Large-scale site architecture have to consider 10 issues

2010-03-14  来源:本站原创  分类:Internet  人气:243 

Transfer from:

Here's a large site architecture includes only high interactivity highly interactive, data-driven large-scale Web site, based on all the well-known reasons, we do not rely on a number of news categories and static HTML structure can be achieved, and our high-load high data exchange of high data mobility site, for example, such as at home and, happy family of network architecture and the like web2.0. We do not discuss here is the PHP or JSP or. NET environment, we see a problem from the aspect of architecture, not a problem to achieve language, language advantage is achieved, not good or bad, whether you choose any language, structure are necessary to face.

Here to discuss the major sites and the consideration to note

1, massive data processing

As we all know, for some relatively small sites, the data is not very large, select and update can solve our problems, their load is not great, plus up to a few index can handle that. For large Web sites, the daily amount of data may be millions, if a poorly designed-many Guanxi, Zai There is no problem of early, but the As subscribers have grown, the amount of data will be Jihe level of growth. At this time we select a table and update the time (not that many table join) the cost is very high.

2, concurrent processing of data

In some time, have a CTO 2.0 undertaking, is the cache. For caching at high concurrency is high time to deal with a big problem. Zai the application, the cache is globally shared, and but in us Xiugai of when, if two or more urge the cache has Gengxin of Yaoqiu the case, the application will Zhijie of the die. This time, you need a good strategy for concurrent processing of data and caching strategies.

Another is a database deadlock, perhaps normally we do not feel, the deadlock in the case of high concurrent appearance of probability is very high, the disk cache is a big problem.

3, file storage issue

Some support for the 2.0 file upload sites, increasing hard drive capacity in the fortunate when we should consider that more documents are stored and how to be a valid index. Common program of the document by date and type of storage. But when the file content is vast amounts of data in the case, if a hard disk storage of 500 G the trivial file, then the maintenance and use of the time when the disk of Io is a huge problem, even if your bandwidth sufficient, but you The disk may not respond to come. If this time is also involved in uploading, the disk is very easy to over the.

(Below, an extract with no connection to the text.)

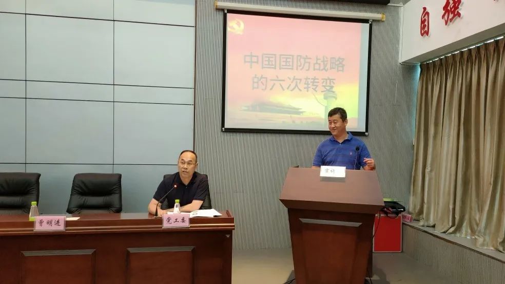国防教育宣讲团团员王志刚开展国防教育,讲述我国国防战略的六次转变,宣讲军队壮大历程和光荣传统,立足百年新起点,继续弘扬光荣传统。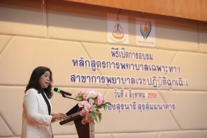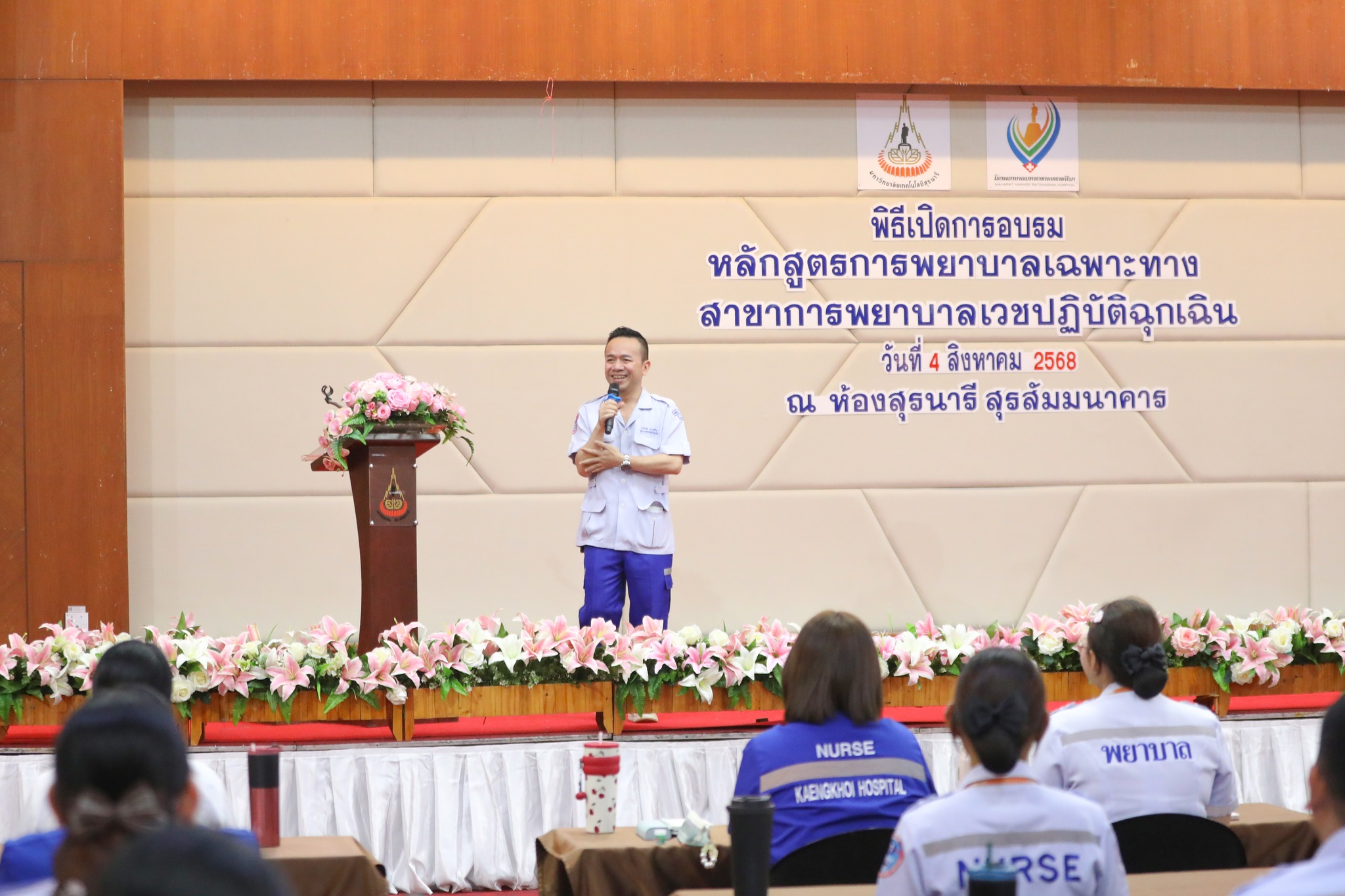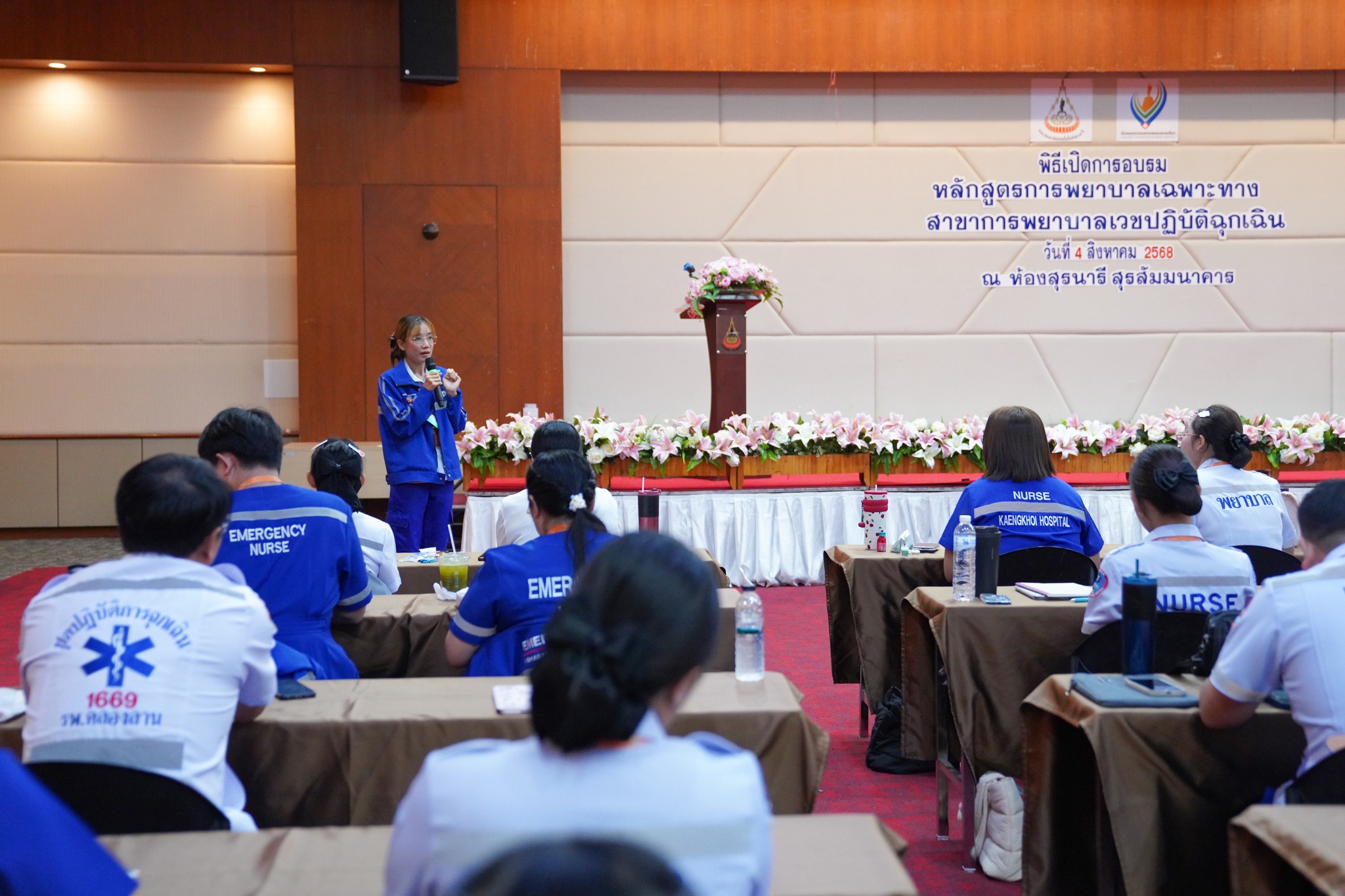 รองศาสตราจารย์ ดร.ยุพาพร รักสกุลพิวัฒน์ รองอธิการบดีฝ่ายวิชาการและประกันคุณภาพ มหาวิทยาลัยเทคโนโลยีสุรนารี (มทส.) เป็นประธานเปิดการอบรม “หลักสูตรการพยาบาลเฉพาะทาง สาขาการพยาบาลเวชปฏิบัติฉุกเฉิน รุ่นที่ 4 ประจำปีการศึกษา 2568”

Perhaps raid and dedicated storage server to solve immediate problems, but there is a problem around the access problem, maybe our server in Beijing, Yunnan or Xinjiang may access speed how to solve? If so distributed, then we The file structure of the index and how to plan.

So we have to admit, the file storage is a very easy question

4, the relationship between the data processing

We can easily comply with the planning of a third paradigm of the database, which is filled with many to many relationships, but also with the GUID to replace INDENTIFY COLUMN, however, full of the 2.0-many relationships, the third paradigm is the first one should be abandoned. To be effective over the table to minimize the joint inquiry.

5, data indexing problem

As we all know, the index is to improve the efficiency of query the database of the most the most affordable easiest solution. However, in the case of high-UPDATE, update and delete the cost will be high not think about it, I encountered a situation where the index is updated when a focused 10 minutes to complete, then for the site, these basic is intolerable.

Index and update are a natural enemy, the problem A, D, E of these is that we have to consider when doing architecture issues, and also may be the most time-consuming problem.

6, distributed processing

For the 2.0 site because of its highly interactive, CDN to achieve the effect of essentially 0, the content is updated in real time, our normal processing. In order to ensure access throughout the speed, we need to face a great problem is how to effectively synchronize and update of data to achieve real-time communication around the server has to be considered there is a problem.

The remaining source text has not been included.